» **THE TASK**
Print the lines in the listing below starting at the line with "- Kunststofffenster mit" and ending at the line with "商品情報商品詳細ネピア 激吸収 キッチンペーパー", both included. Reproduce them exactly and omit every picture.

» **MATERIAL PROVIDED**

------------------------------------------------------------------------

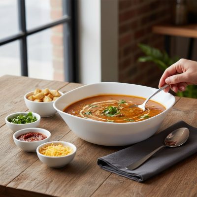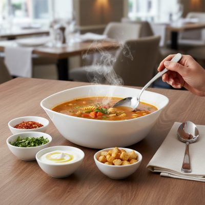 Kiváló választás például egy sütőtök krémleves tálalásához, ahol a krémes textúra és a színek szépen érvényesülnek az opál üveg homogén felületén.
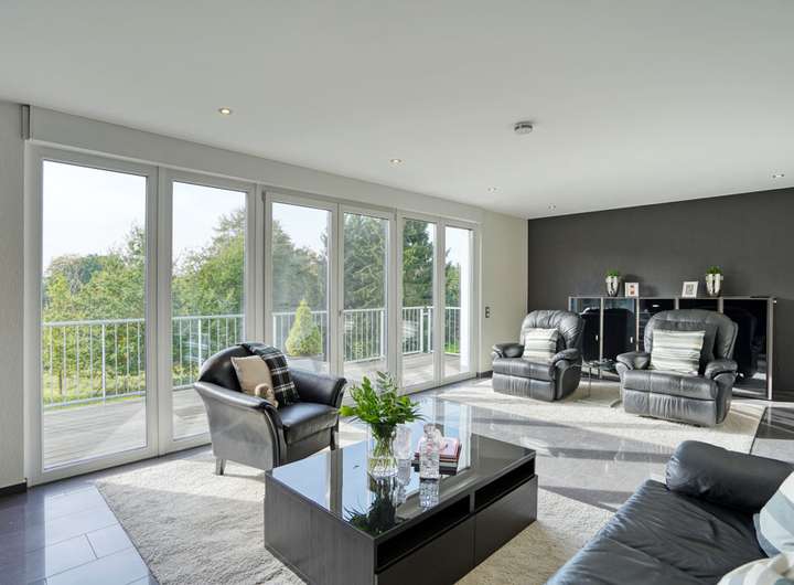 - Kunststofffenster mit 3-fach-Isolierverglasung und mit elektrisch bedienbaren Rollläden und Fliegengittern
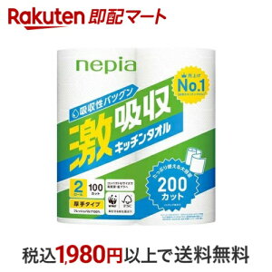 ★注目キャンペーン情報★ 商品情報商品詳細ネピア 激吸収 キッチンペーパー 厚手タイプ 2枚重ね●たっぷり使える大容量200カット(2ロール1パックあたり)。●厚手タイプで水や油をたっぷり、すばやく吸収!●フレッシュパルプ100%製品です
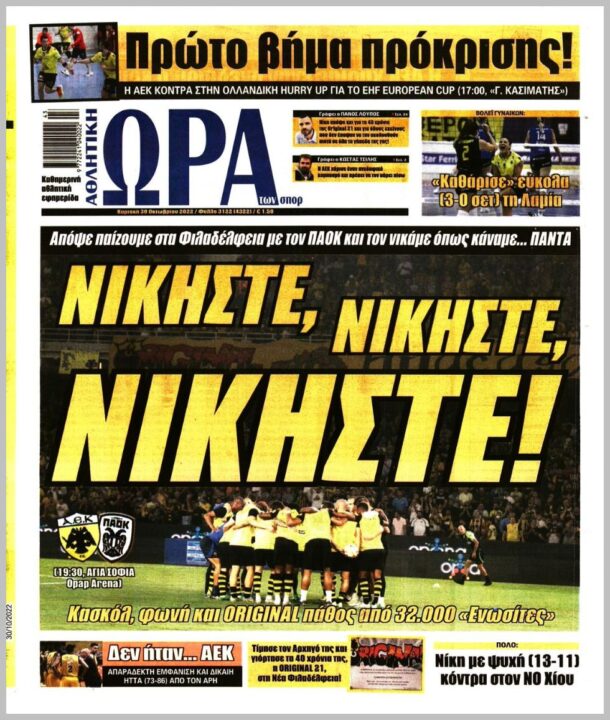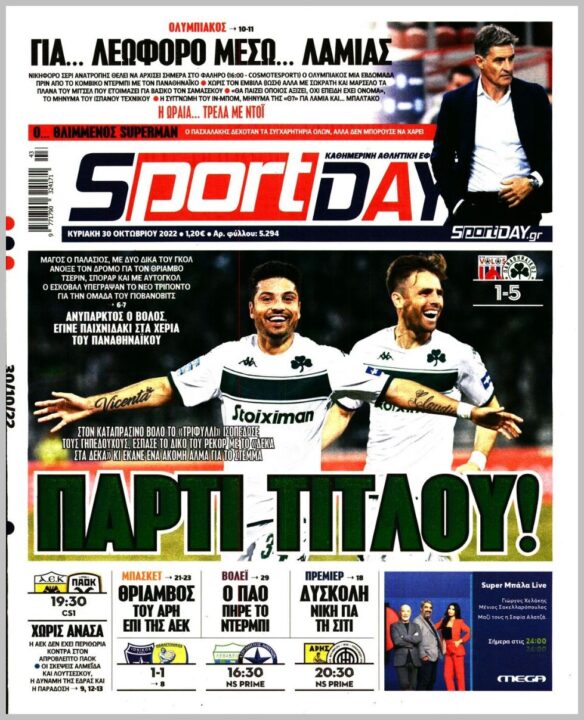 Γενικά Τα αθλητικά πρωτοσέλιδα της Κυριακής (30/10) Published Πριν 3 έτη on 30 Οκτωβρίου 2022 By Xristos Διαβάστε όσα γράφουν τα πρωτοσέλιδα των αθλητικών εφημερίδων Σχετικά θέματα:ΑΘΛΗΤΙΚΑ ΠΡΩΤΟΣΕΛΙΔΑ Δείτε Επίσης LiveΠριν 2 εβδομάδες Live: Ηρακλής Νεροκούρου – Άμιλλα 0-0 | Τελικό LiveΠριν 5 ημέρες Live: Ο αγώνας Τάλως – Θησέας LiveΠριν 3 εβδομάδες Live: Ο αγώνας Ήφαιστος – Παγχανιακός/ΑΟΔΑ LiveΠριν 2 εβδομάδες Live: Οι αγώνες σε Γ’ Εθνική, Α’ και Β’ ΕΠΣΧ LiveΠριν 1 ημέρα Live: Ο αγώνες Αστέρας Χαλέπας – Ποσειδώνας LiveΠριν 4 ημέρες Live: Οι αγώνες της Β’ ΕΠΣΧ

------------------------------------------------------------------------

» **ANSWER TO THIS EXERCISE**
 - Kunststofffenster mit 3-fach-Isolierverglasung und mit elektrisch bedienbaren Rollläden und Fliegengittern
 ★注目キャンペーン情報★ 商品情報商品詳細ネピア 激吸収 キッチンペーパー 厚手タイプ 2枚重ね●たっぷり使える大容量200カット(2ロール1パックあたり)。●厚手タイプで水や油をたっぷり、すばやく吸収!●フレッシュパルプ100%製品です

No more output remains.